→ **Exercise**
The required output is an exact restatement of the lines, starting with the one that contains "工圖網(wǎng)提供組織部" and finishing with the last line of the listing. It contains no pictures.

→ **Data extract**
*** Begin section ***

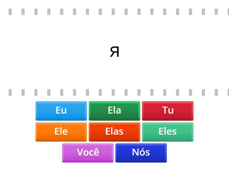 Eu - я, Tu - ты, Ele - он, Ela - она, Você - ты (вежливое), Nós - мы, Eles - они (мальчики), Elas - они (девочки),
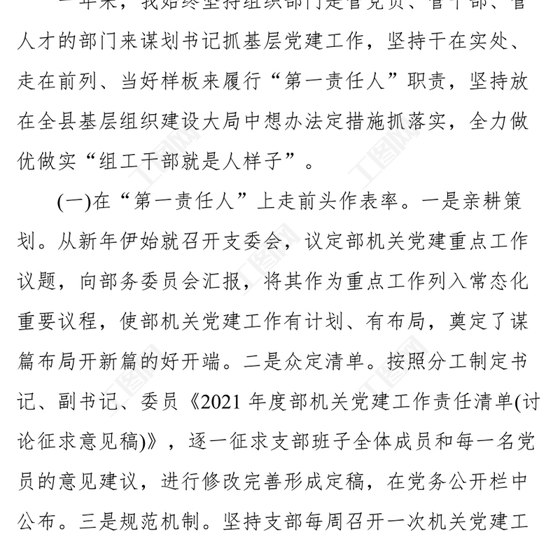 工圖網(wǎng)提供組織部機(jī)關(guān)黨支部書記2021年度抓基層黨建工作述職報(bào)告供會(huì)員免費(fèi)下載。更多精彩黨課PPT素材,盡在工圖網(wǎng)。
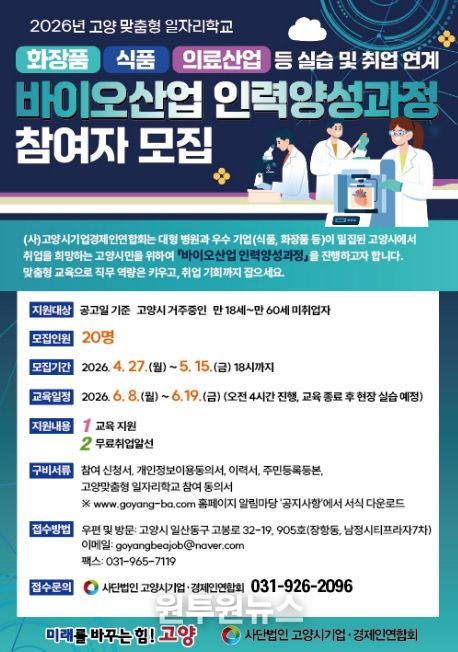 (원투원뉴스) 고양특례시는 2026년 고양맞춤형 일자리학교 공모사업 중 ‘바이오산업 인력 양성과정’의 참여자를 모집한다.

*** End section ***

→ **Response below**
 工圖網(wǎng)提供組織部機(jī)關(guān)黨支部書記2021年度抓基層黨建工作述職報(bào)告供會(huì)員免費(fèi)下載。更多精彩黨課PPT素材,盡在工圖網(wǎng)。
 (원투원뉴스) 고양특례시는 2026년 고양맞춤형 일자리학교 공모사업 중 ‘바이오산업 인력 양성과정’의 참여자를 모집한다.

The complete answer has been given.